If you can, pull out every root and scrap of perennial weeds like yarrow, buttercups and especially quackgrass. Every little piece left behind will turn into a new plant, so don’t use the rototiller for this, especially while the soil is wet, or you will just be compounding the problem. It is best to just dig and rake thoroughly so as not to chop the roots too finely. If you have a bad patch, you can get to grips with it by digging over the soil roughly and planting a thick cover crop of buckwheat. When the buckwheat starts to flower, undersow it with another cover crop of oats and cut the buckwheat down, usually around the middle of August. The oats will sprout under the buckwheat and further crowd out the weeds. They will winter kill and leave a nice clean bed for spring planting. You lose a growing season this way, but you would waste most of it anyway fighting the weeds with a bad infestation. This is also a good way to prepare the soil for a planned new garden bed.

Buckwheat  Photo: Karelj – CC BY-SA 3.0 via Wikimedia Commons

It is also now time to take care of added fertility needs. Top dress all your alliums – onions, leeks and garlic — with compost. They are heavy feeders and need the nitrogen. If you want to fertilize trees and shrubs, feed them with compost now so they can harden off any new growth well before the autumn. You shouldn’t fertilize them at all after the middle of July, except possibly with a foliar feed. The resulting lush, fleshy growth will only winter kill. People used to recommend fertilizing lettuces and spinach with manure or compost tea, but current thinking is that this is too likely to cause contamination by e. coli. If my lettuces need perking up I use a fish fertilizer instead. I also like to top dress my beets with compost if I have enough compost – but first I thin them to avoid cross-contamination and eat the greens.

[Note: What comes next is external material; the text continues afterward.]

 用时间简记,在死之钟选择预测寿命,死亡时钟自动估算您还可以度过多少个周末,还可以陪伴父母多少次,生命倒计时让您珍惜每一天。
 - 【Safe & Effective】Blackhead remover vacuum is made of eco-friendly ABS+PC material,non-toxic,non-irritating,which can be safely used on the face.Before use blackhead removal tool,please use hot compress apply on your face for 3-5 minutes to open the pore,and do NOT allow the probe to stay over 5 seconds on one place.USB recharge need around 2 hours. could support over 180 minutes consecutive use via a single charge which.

I hesitate to recommend mulching in a year with such a lot of rain. Not only do the slugs thrive under it but a host of molds and fungal infections do too. But trees and shrub will benefit from a mulch of wood chips, seaweed, straw or hay – almost any kind of organic matter except for peat moss which adds too much acidity. This year I am even using old wool from shearing my sheep and it does the trick nicely. This helps to keep an even moisture level and keeps down competing weeds. If the weather dries out in the next couple of weeks, concentrate your watering efforts on new plantings of trees and shrubs. Water the soil, not the leaves, to control fungal diseases and water thoroughly once a week, not sprinkle every few days.

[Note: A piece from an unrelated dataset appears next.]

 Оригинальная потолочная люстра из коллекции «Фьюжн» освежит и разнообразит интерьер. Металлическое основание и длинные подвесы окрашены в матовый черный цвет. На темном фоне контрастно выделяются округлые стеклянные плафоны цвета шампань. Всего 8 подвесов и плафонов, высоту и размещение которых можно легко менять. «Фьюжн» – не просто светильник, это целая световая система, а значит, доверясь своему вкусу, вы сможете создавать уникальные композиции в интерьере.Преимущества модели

Renew the Tanglefoot on the bands of your fruit trees if you used them. Try not to worry too much about small amounts of insect damage on established trees and shrubs. They can handle 10 to 15 % damage provided they have otherwise healthy growing conditions.

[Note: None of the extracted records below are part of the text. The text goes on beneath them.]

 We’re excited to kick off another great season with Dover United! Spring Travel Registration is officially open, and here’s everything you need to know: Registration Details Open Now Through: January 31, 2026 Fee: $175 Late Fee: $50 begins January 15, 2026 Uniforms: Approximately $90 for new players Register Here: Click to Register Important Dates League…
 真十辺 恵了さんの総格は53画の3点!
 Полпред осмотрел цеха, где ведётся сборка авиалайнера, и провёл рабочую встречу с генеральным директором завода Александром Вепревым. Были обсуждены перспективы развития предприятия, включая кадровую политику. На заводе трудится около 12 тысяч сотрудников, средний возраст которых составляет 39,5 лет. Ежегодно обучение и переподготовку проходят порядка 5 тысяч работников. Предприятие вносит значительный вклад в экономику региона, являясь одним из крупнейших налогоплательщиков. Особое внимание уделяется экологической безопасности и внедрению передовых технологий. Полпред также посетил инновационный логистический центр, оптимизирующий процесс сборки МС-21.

With drier weather the incidence of scab is reduced and it will be time to mow your orchard, which will make your neighbors happy if they have been worrying about how scruffy it’s been getting.

And most of all, take the time to enjoy, not just work in your garden. Bring in a few sprays of lilac to scent your kitchen. Sit out on a warm sunny day and enjoy the hum of the hardworking bees. Pick the first young leaves of mint or lemon balm and make a batch of iced tea to sip while you sit. You’ve earned it!

(The Spectator is going on summer hours, so I’ll be back in two weeks.)

 

 

Market gardener, farmer, workshop leader, seed-saver, political candidate and mother, Michelle Smith has spent over 30 years coping with the challenges of our bioregion and in the process has built a store of practical and technical knowledge. The Inverness resident has served on the board of Seeds of Diversity Canada and represented Alternative Producers with the Federation of Agriculture but can do nothing about her hair. She is pictured with a head of Club Wheat, a seed that shares her approach to hairdressing.